The impact of copy-number variations (CNVs) on complex human traits remains understudied. We called CNVs in 331,522 UK Biobank participants and performed genome-wide association studies (GWASs) between the copy number of CNV-proxy probes and 57 continuous traits, revealing 131 signals spanning 47 phenotypes. Our analysis recapitulated well-known associations (e.g., 1q21 and height), revealed the pleiotropy of recurrent CNVs (e.g., 26 and 16 traits for 16p11.2-BP4-BP5 and 22q11.21, respectively), and suggested gene functionalities (e.g., MARF1 in female reproduction). Forty-eight CNV signals (38%) overlapped with single-nucleotide polymorphism (SNP)-GWASs signals for the same trait. For instance, deletion of PDZK1, which encodes a urate transporter scaffold protein, decreased serum urate levels, while deletion of RHD, which encodes the Rhesus blood group D antigen, associated with hematological traits. Other signals overlapped Mendelian disorder regions, suggesting variable expressivity and broad impact of these loci, as illustrated by signals mapping to Rotor syndrome (SLCO1B1/3), renal cysts and diabetes syndrome (HNF1B), or Charcot-Marie-Tooth (PMP22) loci.
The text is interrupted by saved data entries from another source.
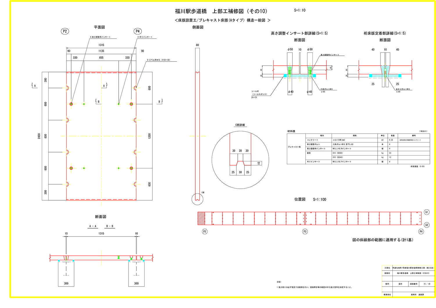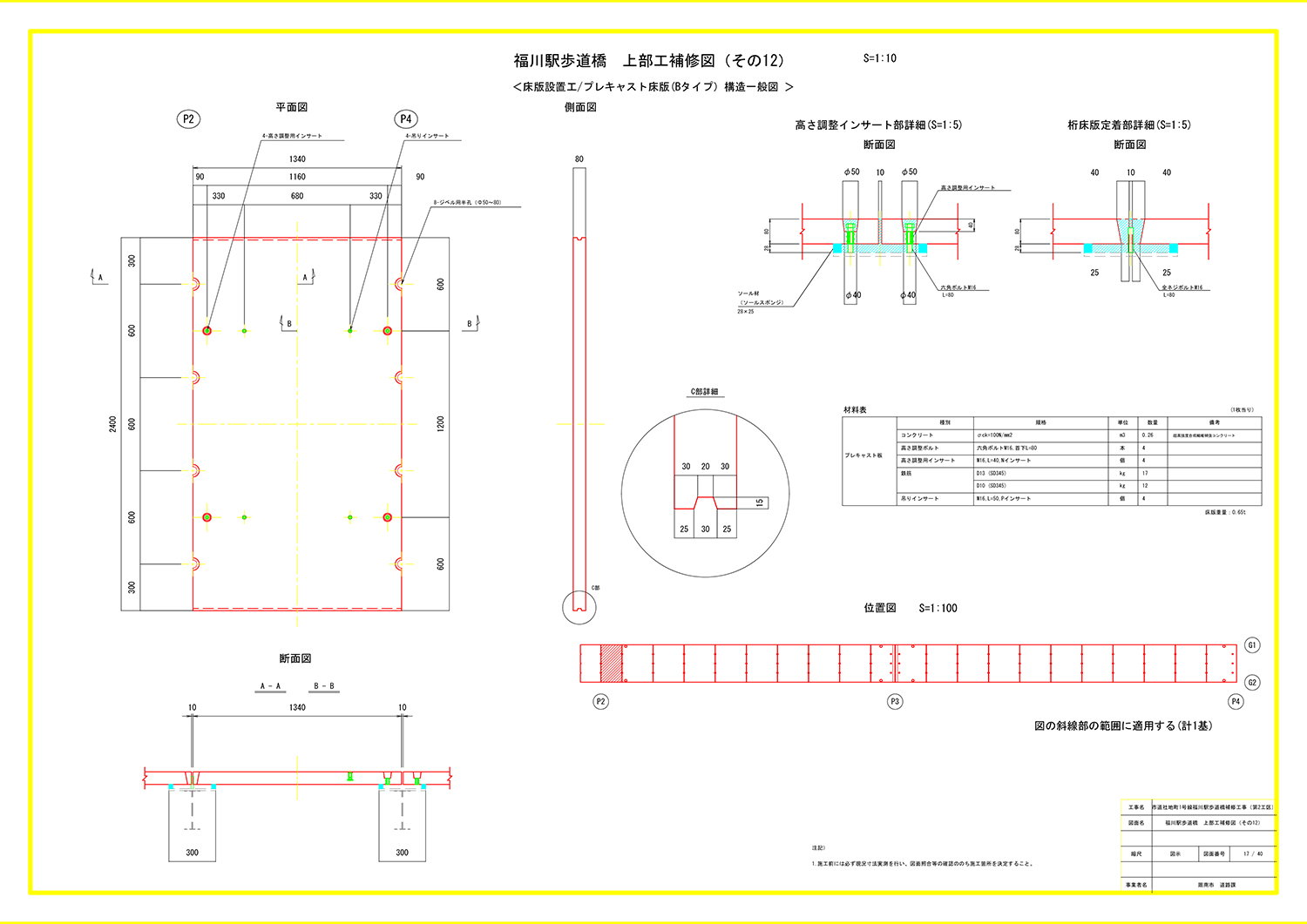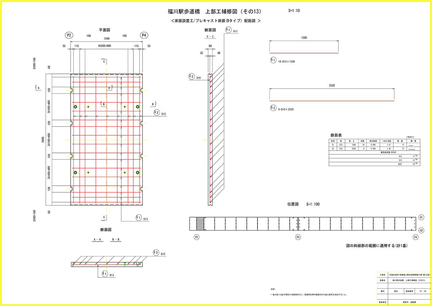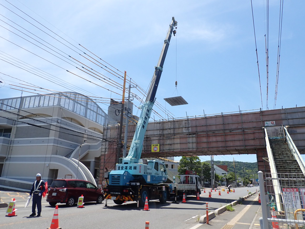 施工は、まず、既設床版を撤去した後、横桁フランジの拡幅を行った。これは、中路式の歩道橋では、横桁にプレキャスト床版を支持させる必要があるが、横桁のフランジ幅が狭く、そのままでは床版が設置できないための処置である。床版の割付は、横桁のピッチに合わせて行い、約1.3~2mにて割り付けた。
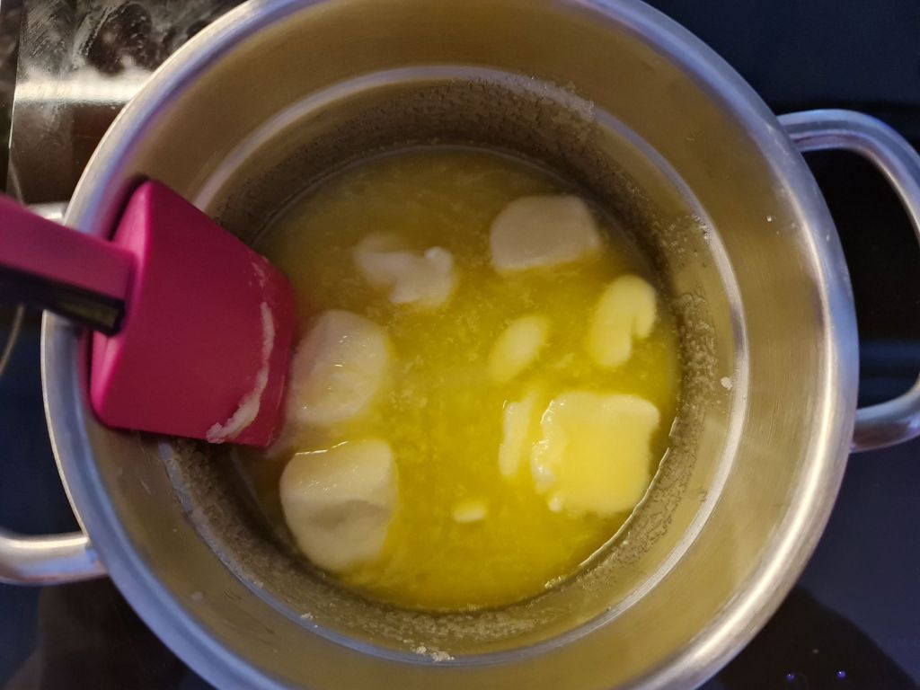 В малка тенджера загрейте маслото и половината от еритритола на ниска степен, до стапяне на маслото.
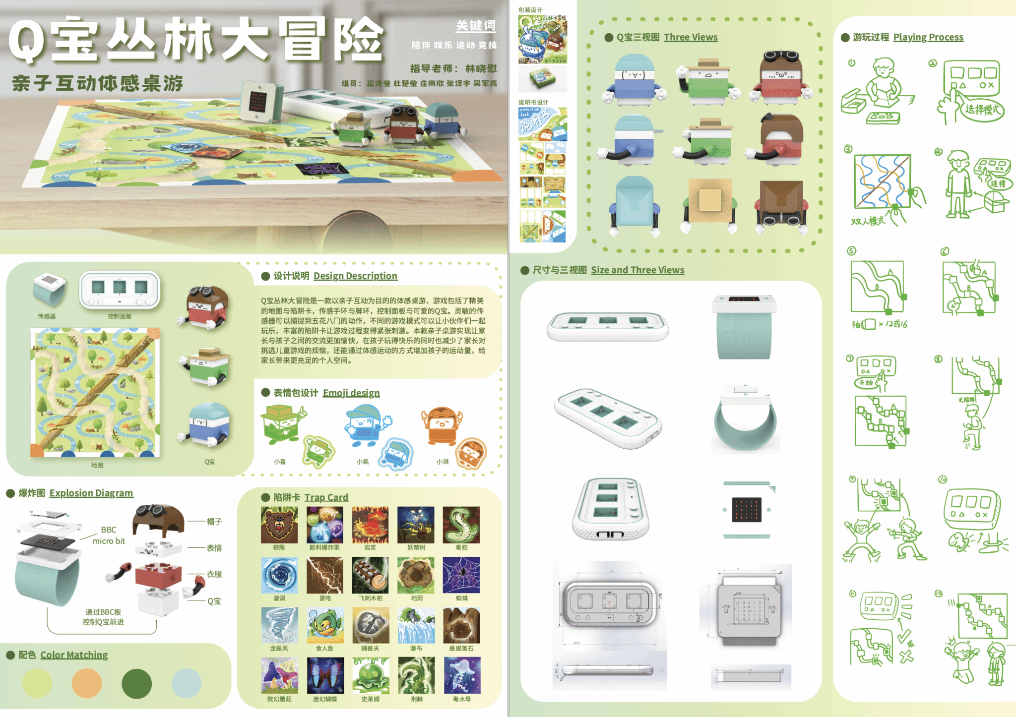 设计说明:Q宝丛林大冒险是一款基于toio开发的体感桌游,它将体感游戏与桌游相结合,通过⼿环感应和识别动作,让玩家以⾝体动作来帮助Q宝在冒险过程中顺利通关。游戏过程中,玩家需要通过特定的动作“逃出”陷阱,也可以通过陷阱卡为对手设置障碍,让游戏过程变得紧张刺激,充满未知性。设计者希望设计出⼀款既有趣⼜有益健康的亲⼦游戏,让家庭成员之间通过玩乐增进交流互动,同时激发孩⼦们对于科技和创新的兴趣。
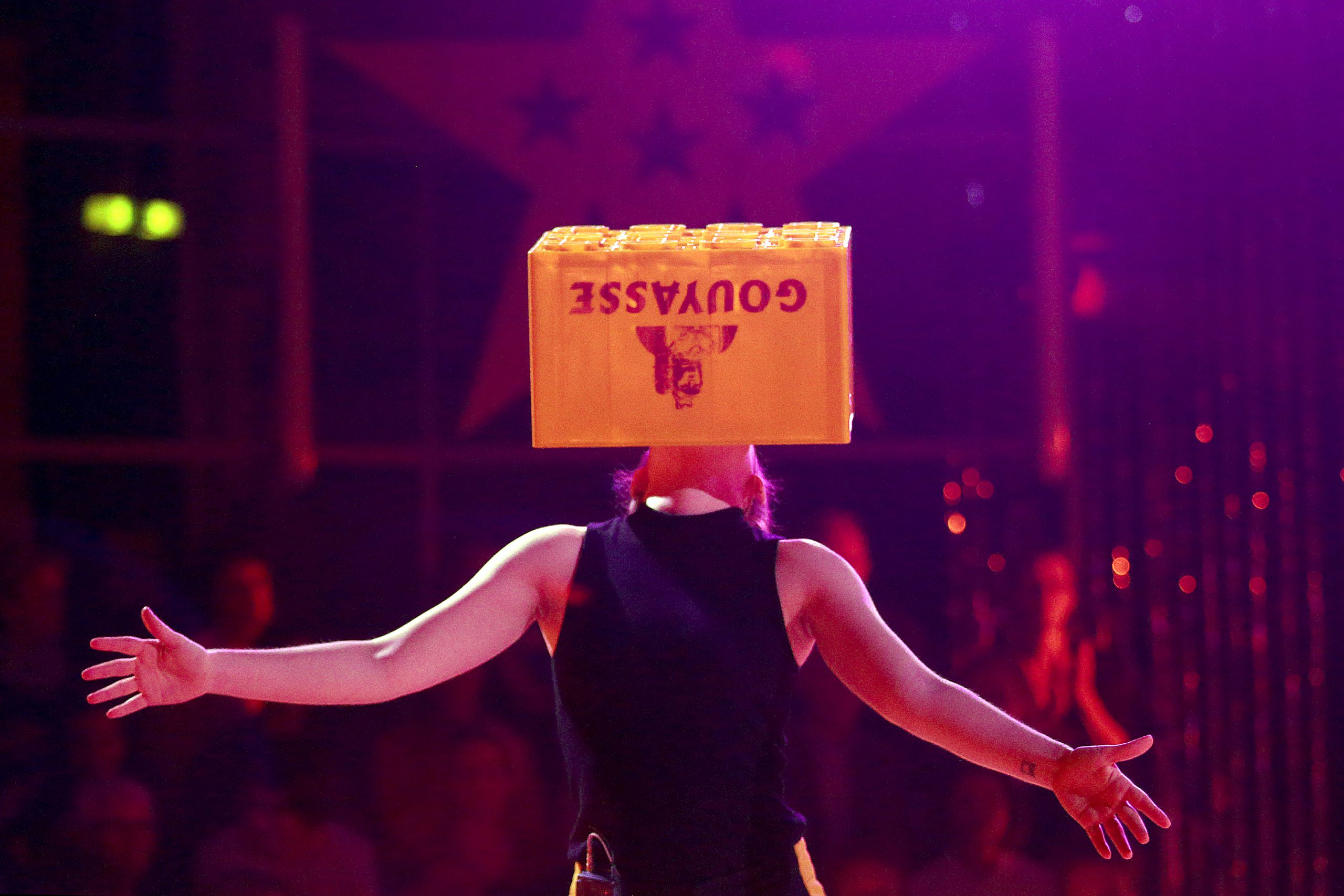 Antonia Baehr, Valérie Castan and Emmilou Rößling form the circus family „La Fortunada.“ As is typical in circus dynasties, mum Butch-Daronne Castan passed on her acrobatic act „La Gouyasse“ which she first created for „Already Made“ by Gaëtan Bulourde, to their daughter. Daddy Mapa Baehr did the same with „Le Tabouret“ which came to life in the same show. Young Velvet Emmilou inherited her parents interest in objects and made her own number for the occasion: „La Petite Cuillère“.
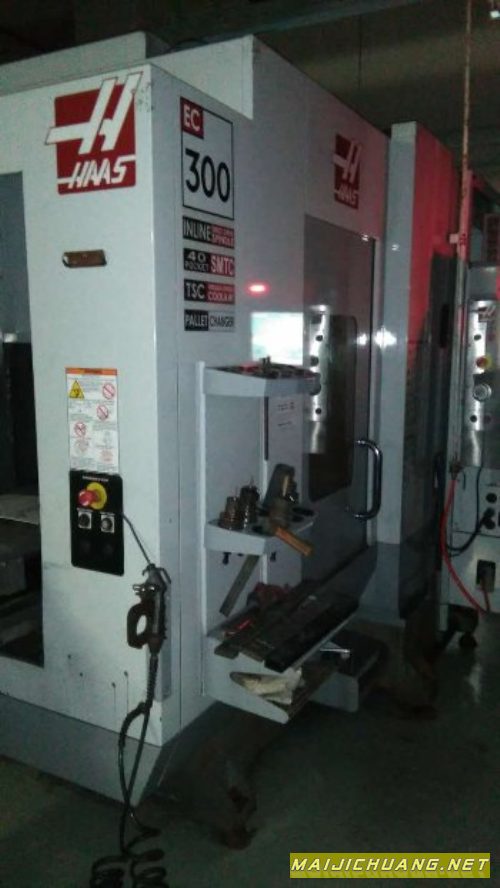出售一台哈斯EC300卧式加工中心,哈斯原装系统,可编程冷却液喷嘴,12,000 rpm、40锥度的主轴,30马力双驱动,高速侧挂式刀库,40锥度,40 1刀具,包括辅助过滤器(AF),主轴内冷,300 PSI
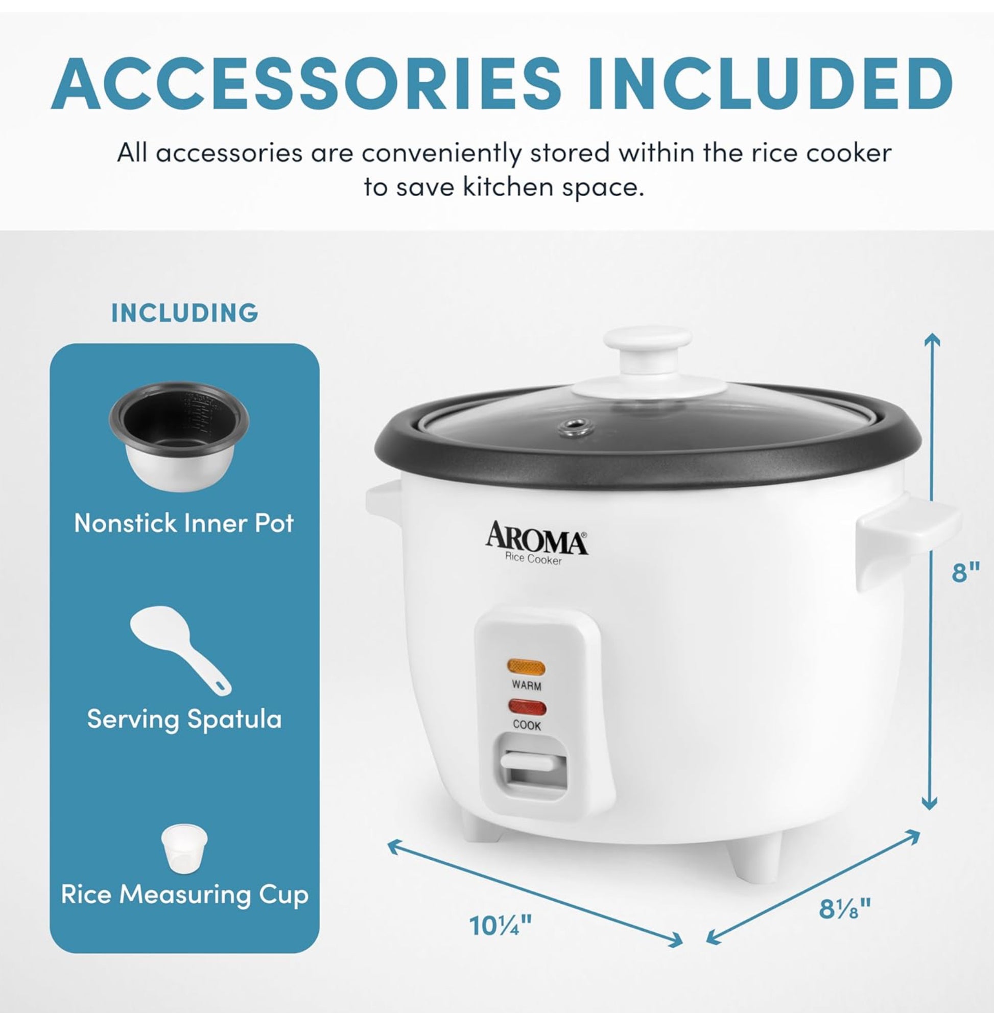 - Includes Rice Measuring Cup and Serving Spatula
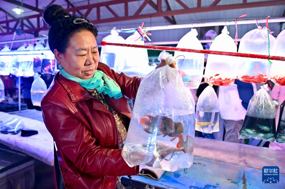 4月10日,在鞍山三臺(tái)子觀賞魚交易中心,一名商戶展示自家售賣的觀賞魚。
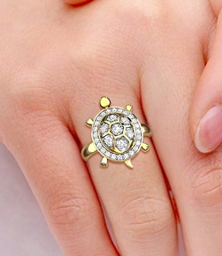 The tortoise is said to be a symbol of love and good luck. A diamond ring design with a tortoise design is worn on the index finger. The design is made with gold carrying a tortoise studded with diamonds. The design is worn for regular wear. It symbolises love, good luck, creation and wisdom. The ring when gifted to someone special for occasions like marriage, religious functions, small occasions etc.
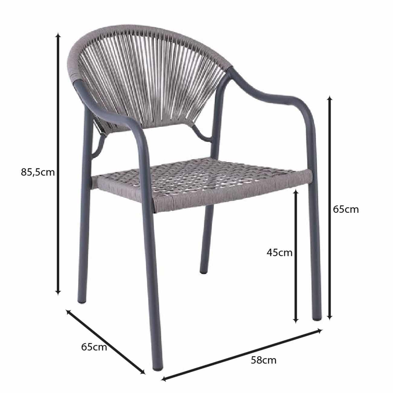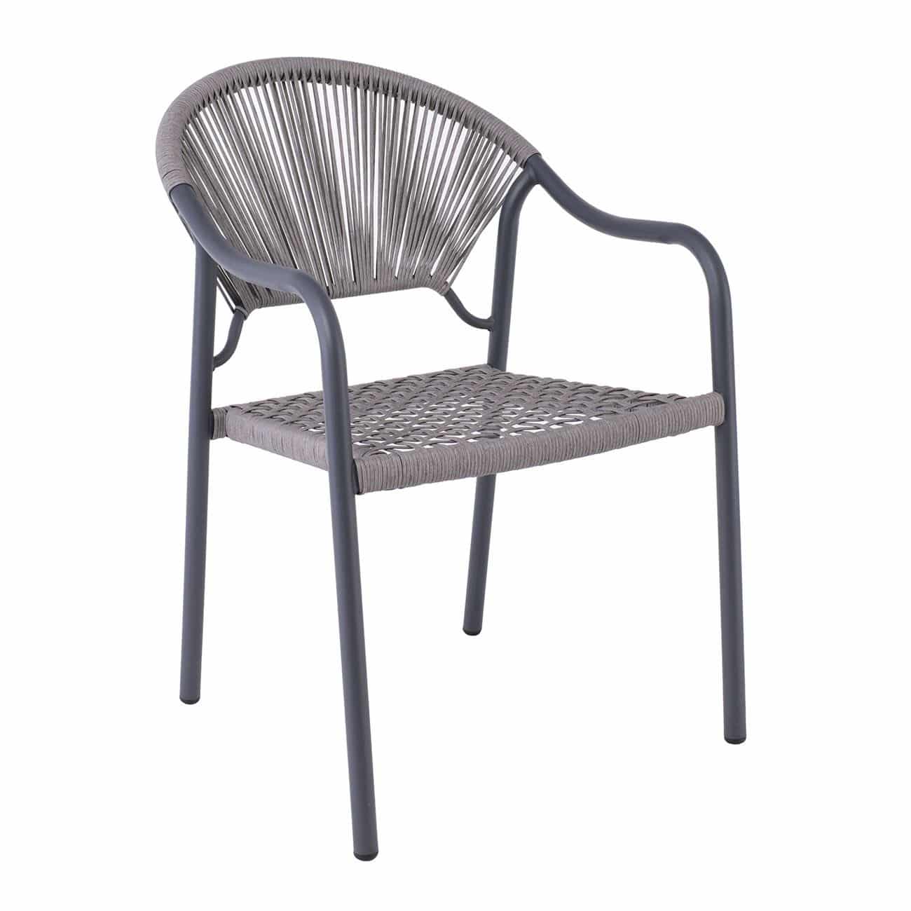 POLIS Πολυθρόνα Βεράντας-Κήπου Μέταλλο Βαφή Ανθρακί, Rope Wicker Γκρι, Στοιβαζόμενη (Ε-00025773)
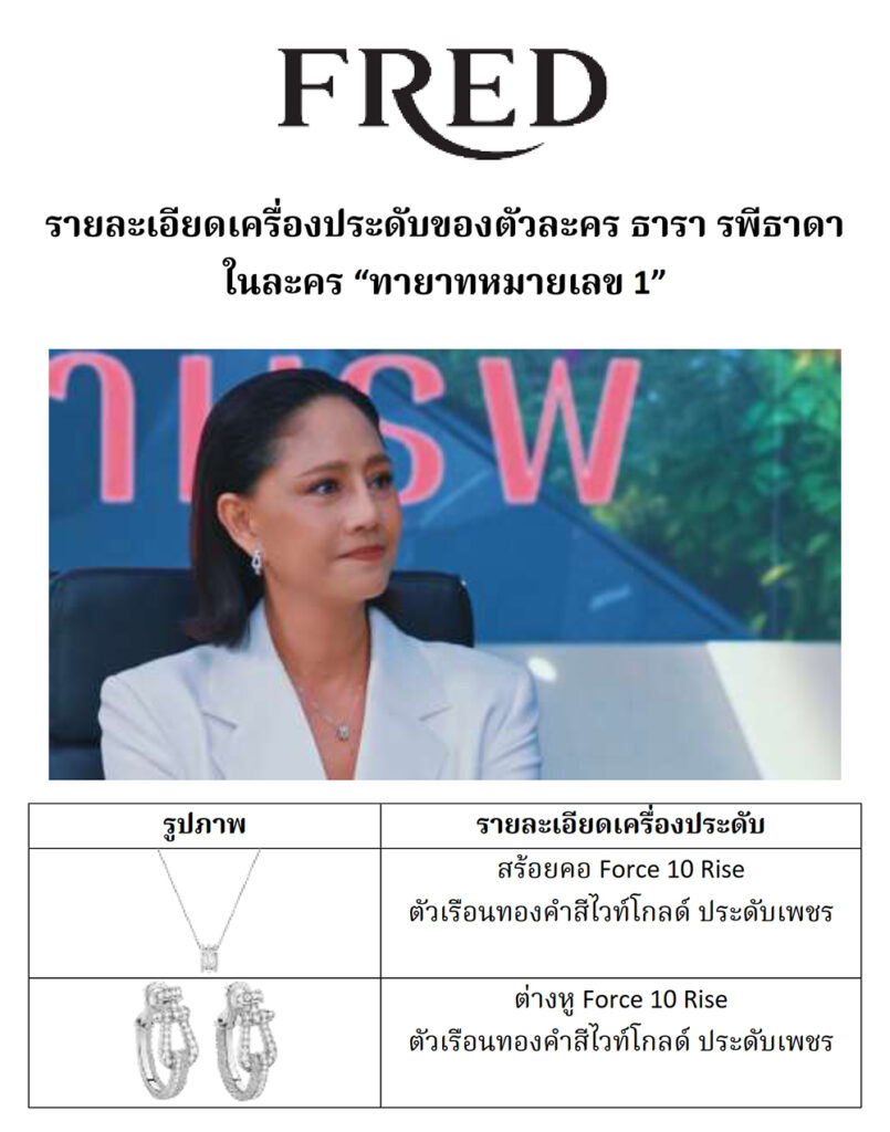 เมซง FRED แบรนด์จิวเวลรี่สัญชาติฝรั่งเศส ปรากฏในละคร “ทายาทหมายเลข 1” โดยในตอนที่ 20 ตัวละคร ธารา (รับบทโดย นก สินจัย) ได้สวมใส่สร้อยคอและต่างหู Force 10 Rise จากคอลเล็กชั่นไอคอนิก Force 10 ที่โดดเด่นด้วยองค์ประกอบการออกแบบด้วยสัญลักษณ์ของความทรงพลังและแน่วแน่อย่างสายเคเบิลและบักเคิล พร้อมเติมความสมบูรณ์ด้วยเส้นสายประดับเพชร สร้อยคอและต่างหู Force 10 Rise นี้ไม่ได้เป็นเพียงเครื่องประดับ แต่ยังเป็นสัญลักษณ์ของความแกร่งกล้าที่สะท้อนคาแรกเตอร์อันกล้าหาญของตัวละครธารา ผู้นำหญิงแห่งตระกูลรพีธาดาและผู้บริหารหญิงของบริษัทสยามรพีกรุ๊ป ที่แข็งแกร่งและพร้อมรับมือทุกสถานการณ์และอุปสรรคด้วยความมั่นใจได้อย่างสมบูรณ์แบบ.

Total CNV burden negatively impacted 35 traits, leading to increased adiposity, liver/kidney damage, and decreased intelligence and physical capacity. Thirty traits remained burden associated after correcting for CNV-GWAS signals, pointing to a polygenic CNV architecture. The burden negatively correlated with socio-economic indicators, parental lifespan, and age (survivorship proxy), suggesting a contribution to decreased longevity. Together, our results showcase how studying CNVs can expand biological insights, emphasizing the critical role of this mutational class in shaping human traits and arguing in favor of a continuum between Mendelian and complex diseases.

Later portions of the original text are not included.